Task brief:
Your answer must consist only of the lines from the start of the entries through the line that holds "王朝霞期末过课本——扇形统计", copied exactly, with no pictures.

Extracted entries:
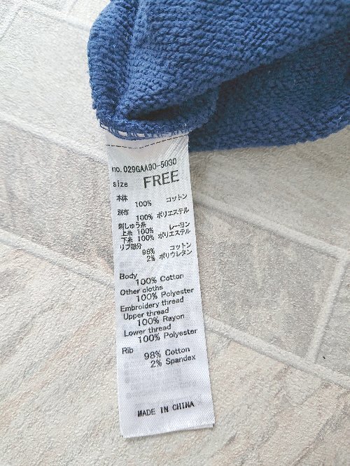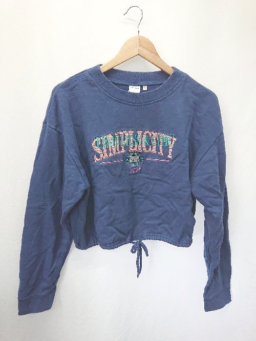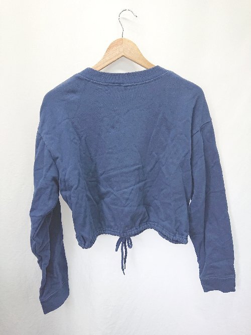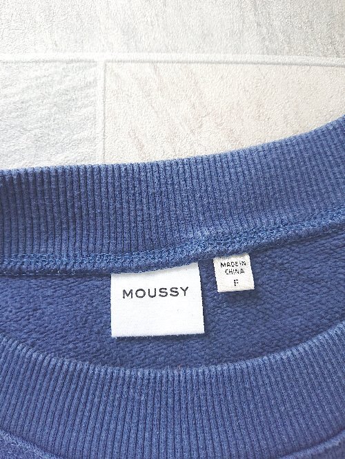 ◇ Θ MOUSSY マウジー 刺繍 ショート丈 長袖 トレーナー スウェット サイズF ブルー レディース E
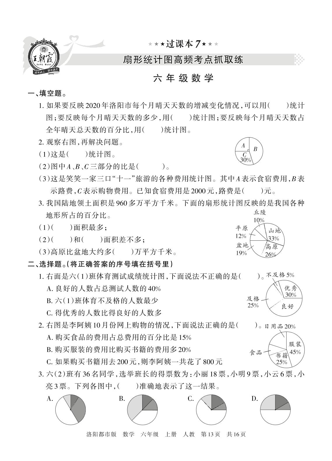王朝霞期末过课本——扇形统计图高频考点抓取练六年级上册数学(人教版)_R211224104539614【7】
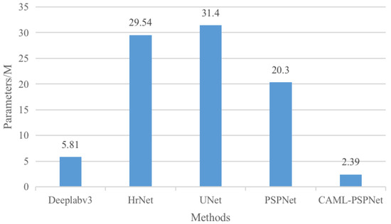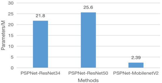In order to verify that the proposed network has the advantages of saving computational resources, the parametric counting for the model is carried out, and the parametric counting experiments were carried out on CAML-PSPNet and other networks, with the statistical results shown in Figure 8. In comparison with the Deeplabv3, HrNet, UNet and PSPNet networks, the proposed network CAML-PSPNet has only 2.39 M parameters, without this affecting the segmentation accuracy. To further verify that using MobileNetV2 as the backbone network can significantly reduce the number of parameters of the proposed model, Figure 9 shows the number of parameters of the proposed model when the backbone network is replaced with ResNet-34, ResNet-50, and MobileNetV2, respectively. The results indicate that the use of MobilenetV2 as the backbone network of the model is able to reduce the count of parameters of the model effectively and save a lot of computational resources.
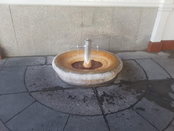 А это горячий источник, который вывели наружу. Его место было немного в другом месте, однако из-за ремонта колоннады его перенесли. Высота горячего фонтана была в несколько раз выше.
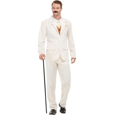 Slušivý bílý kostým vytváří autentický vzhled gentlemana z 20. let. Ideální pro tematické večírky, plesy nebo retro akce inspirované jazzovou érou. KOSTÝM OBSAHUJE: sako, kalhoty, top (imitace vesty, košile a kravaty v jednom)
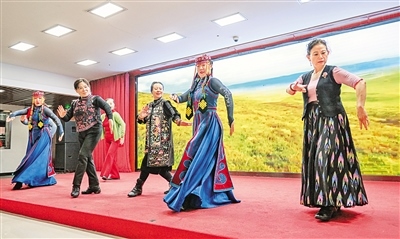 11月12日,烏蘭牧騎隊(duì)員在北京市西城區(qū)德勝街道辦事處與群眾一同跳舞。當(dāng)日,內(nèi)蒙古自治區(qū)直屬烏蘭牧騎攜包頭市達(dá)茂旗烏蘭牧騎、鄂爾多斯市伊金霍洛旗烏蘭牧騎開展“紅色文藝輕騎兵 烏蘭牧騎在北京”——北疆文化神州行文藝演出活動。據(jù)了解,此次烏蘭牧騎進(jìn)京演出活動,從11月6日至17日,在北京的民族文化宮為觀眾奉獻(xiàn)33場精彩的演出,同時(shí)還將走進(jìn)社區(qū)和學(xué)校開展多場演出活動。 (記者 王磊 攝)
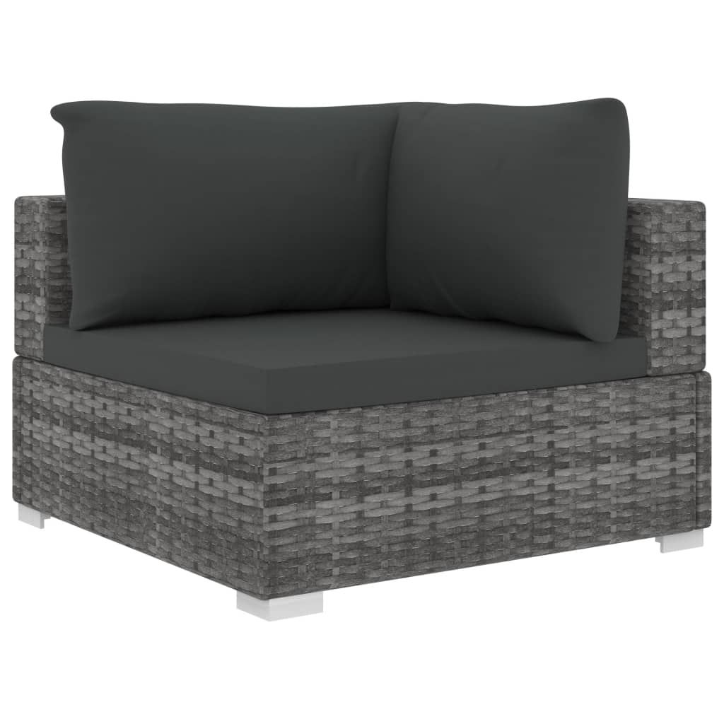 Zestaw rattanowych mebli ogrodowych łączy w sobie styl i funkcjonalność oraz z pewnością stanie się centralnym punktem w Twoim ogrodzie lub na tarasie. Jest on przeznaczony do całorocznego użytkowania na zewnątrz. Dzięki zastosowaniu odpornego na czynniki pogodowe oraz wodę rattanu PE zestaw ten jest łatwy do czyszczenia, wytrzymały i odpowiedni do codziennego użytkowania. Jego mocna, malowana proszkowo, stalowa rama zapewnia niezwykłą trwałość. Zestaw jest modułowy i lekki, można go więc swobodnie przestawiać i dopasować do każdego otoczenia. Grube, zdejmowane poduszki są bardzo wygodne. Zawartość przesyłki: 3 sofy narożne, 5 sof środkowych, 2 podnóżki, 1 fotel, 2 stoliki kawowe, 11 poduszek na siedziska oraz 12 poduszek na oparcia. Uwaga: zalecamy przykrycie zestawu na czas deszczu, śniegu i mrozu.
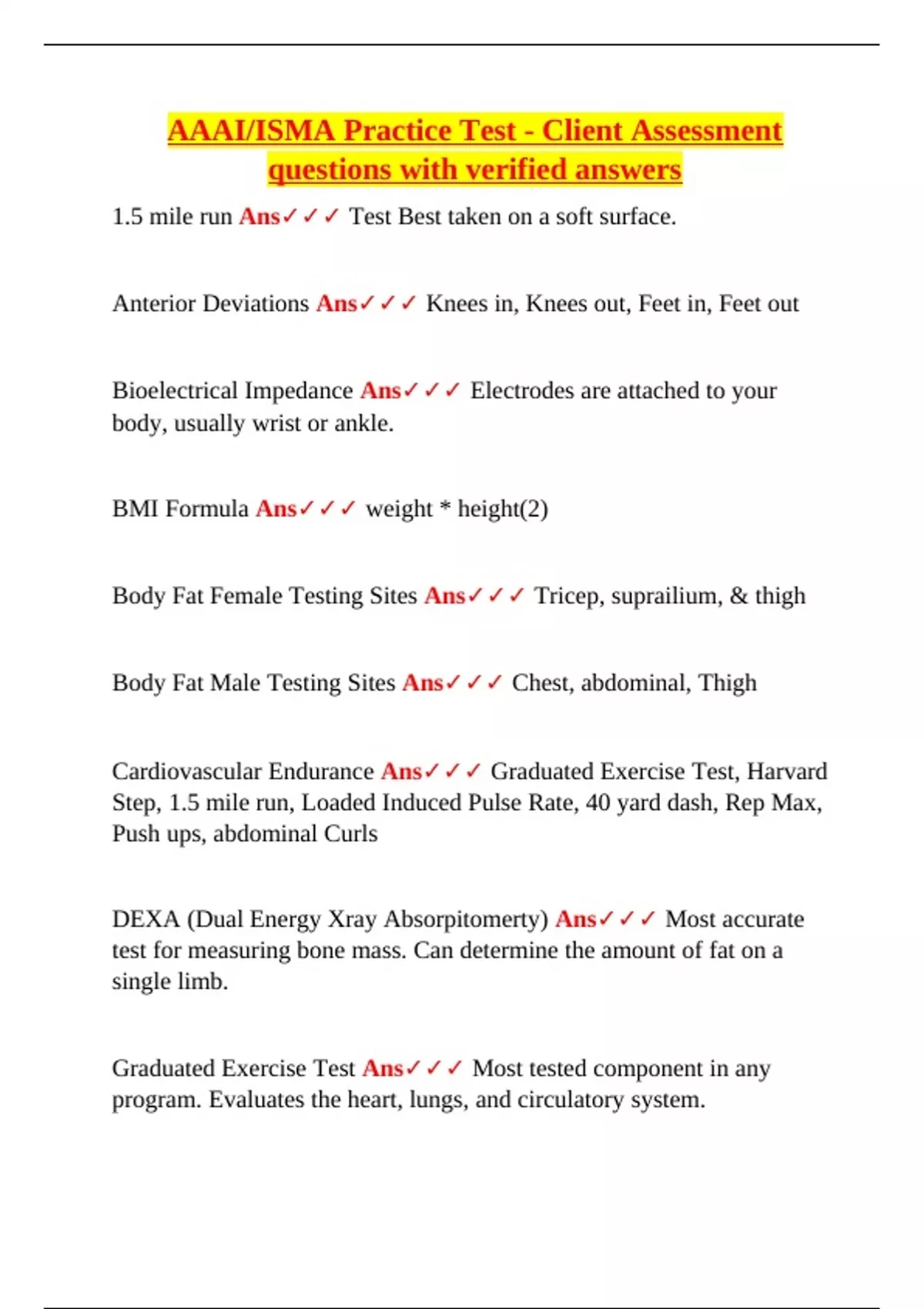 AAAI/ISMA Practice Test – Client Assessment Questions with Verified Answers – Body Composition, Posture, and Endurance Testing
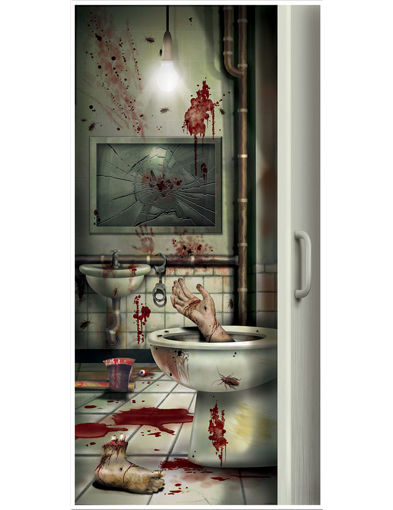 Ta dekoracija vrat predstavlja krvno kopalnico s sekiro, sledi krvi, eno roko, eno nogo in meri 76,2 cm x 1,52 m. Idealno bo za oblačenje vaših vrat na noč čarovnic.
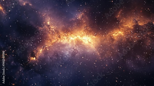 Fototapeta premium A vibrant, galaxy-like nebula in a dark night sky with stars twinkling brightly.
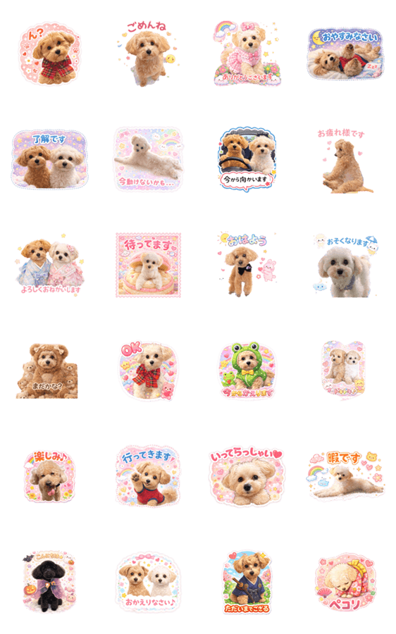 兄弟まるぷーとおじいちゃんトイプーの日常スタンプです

Written answer:
 ◇ Θ MOUSSY マウジー 刺繍 ショート丈 長袖 トレーナー スウェット サイズF ブルー レディース E
王朝霞期末过课本——扇形统计图高频考点抓取练六年级上册数学(人教版)_R211224104539614【7】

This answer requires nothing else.